The $\underline{H}igh$ flux $\underline{A}dvanced$ $\underline{N}eutron$ $\underline{A}pplication$ $\underline{R}eact\underline{O}r$ (HANARO), an open-tank-in-pool type reactor, is one of the multi-purpose research reactors in the world. Since the commencement of HANARO's operations in 1995, a significant number of experimental facilities have been developed and installed at HANARO, and continued efforts to develop more facilities are in progress. Owing to the stable operation of the reactor and its frequent utilization, more experimental facilities are being continuously added to satisfy various fields of study and diverse applications.
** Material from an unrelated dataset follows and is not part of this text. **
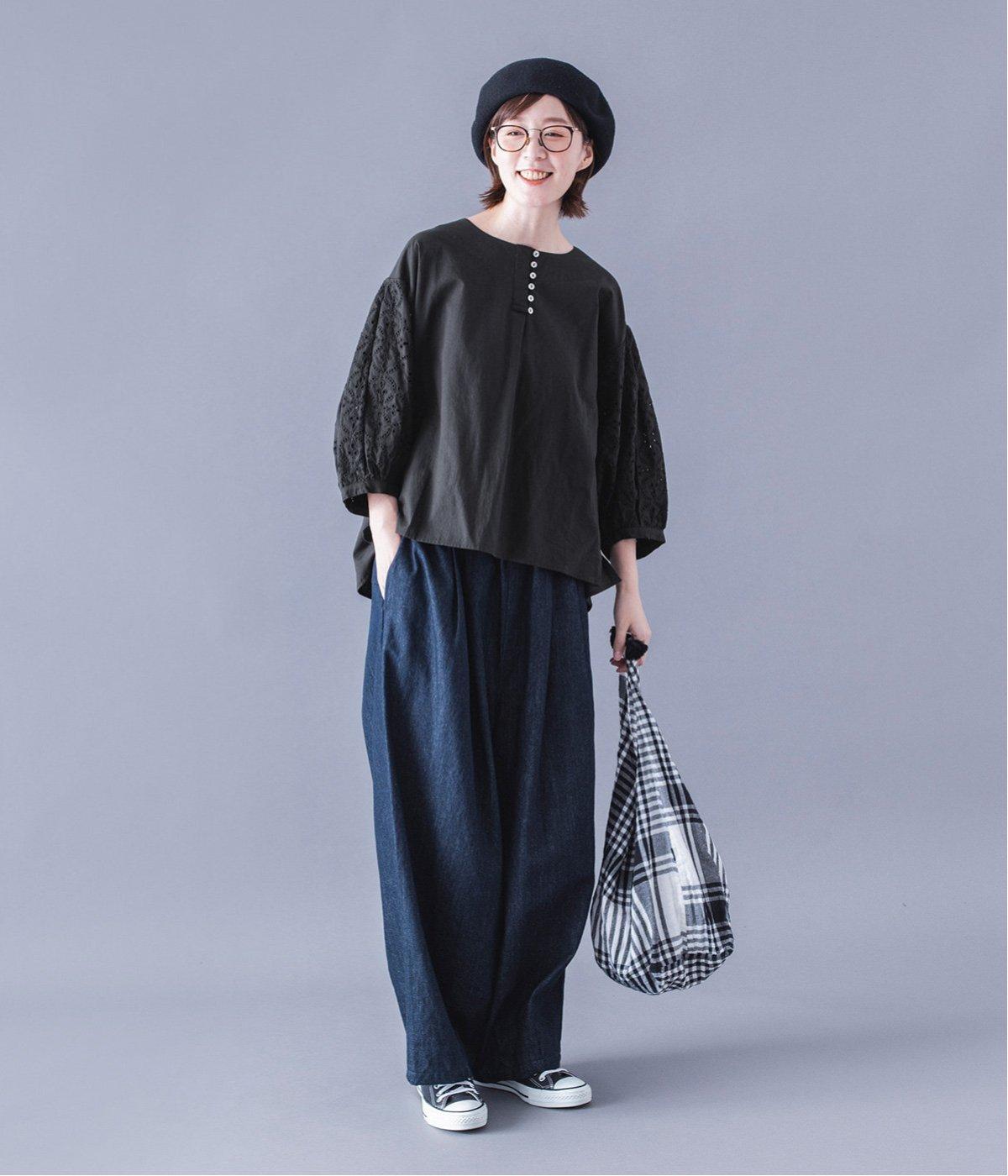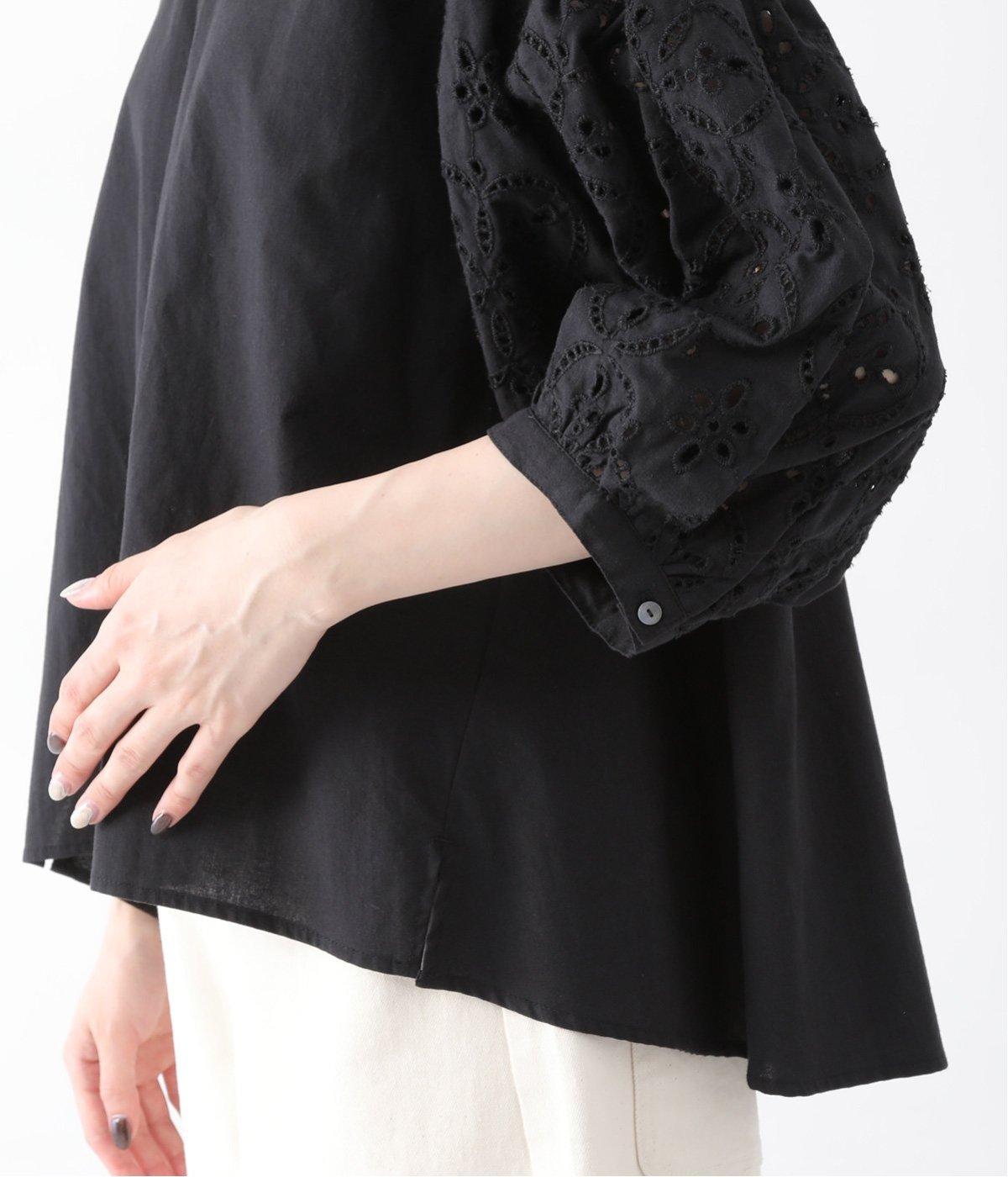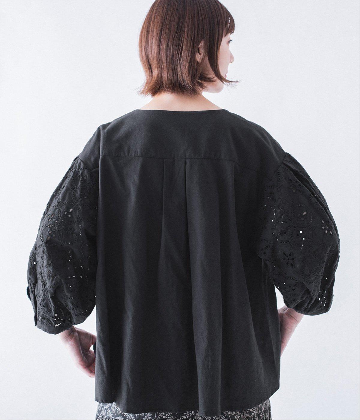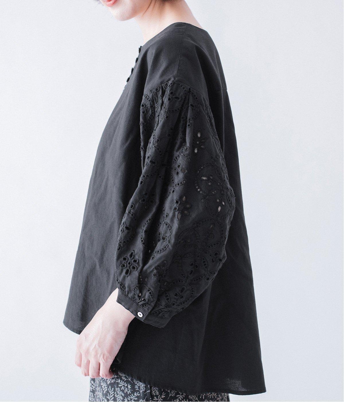 身頃と同じコットンを使い、袖のみ刺繍工房でつくってもらったこだわりの刺繍。糸がぎゅっと蜜で、細かくきれいなのが特徴です。
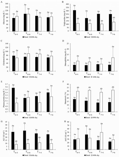 Blood parameters (basal and on day 60, Phase I) for Colossoma macropomum juveniles under different feeding frequencies and feeding rates: glucose (A), triglycerides (B), cholesterol (C), hemoglobin (D), plasmatic protein (E), hematocrit (F), ALT (G), and AST (H). Capital letters indicate significant differences between feeding regimes (treatments); lowercase letters indicate significant differences over time (between basal and day 60). Two-way ANOVA, Tukey’s test (p < 0.05).

The irradiation testing equipment for nuclear fuels and materials at HANARO can be classified into capsules and the Fuel Test Loop (FTL). Capsules for irradiation tests of nuclear fuels in HANARO have been developed for use under the dry conditions of the coolant and materials at HANARO and are now successfully utilized to perform irradiation tests. The FTL can be used to conduct irradiation testing of a nuclear fuel under the operating conditions of commercial nuclear power plants. During irradiation tests conducted using these capsules in HANARO, instruments such as the thermocouple, Linear Variable Differential Transformer (LVDT), small heater, Fluence Monitor (F/M) and Self-Powered Neutron Detector (SPND) are used to measure various characteristics of the nuclear fuel and irradiated material. This paper describes not only the status of HANARO and the status and perspective of irradiation devices and instrumentation for carrying out nuclear fuel and material tests in HANARO but also some results from instrumentation during irradiation tests.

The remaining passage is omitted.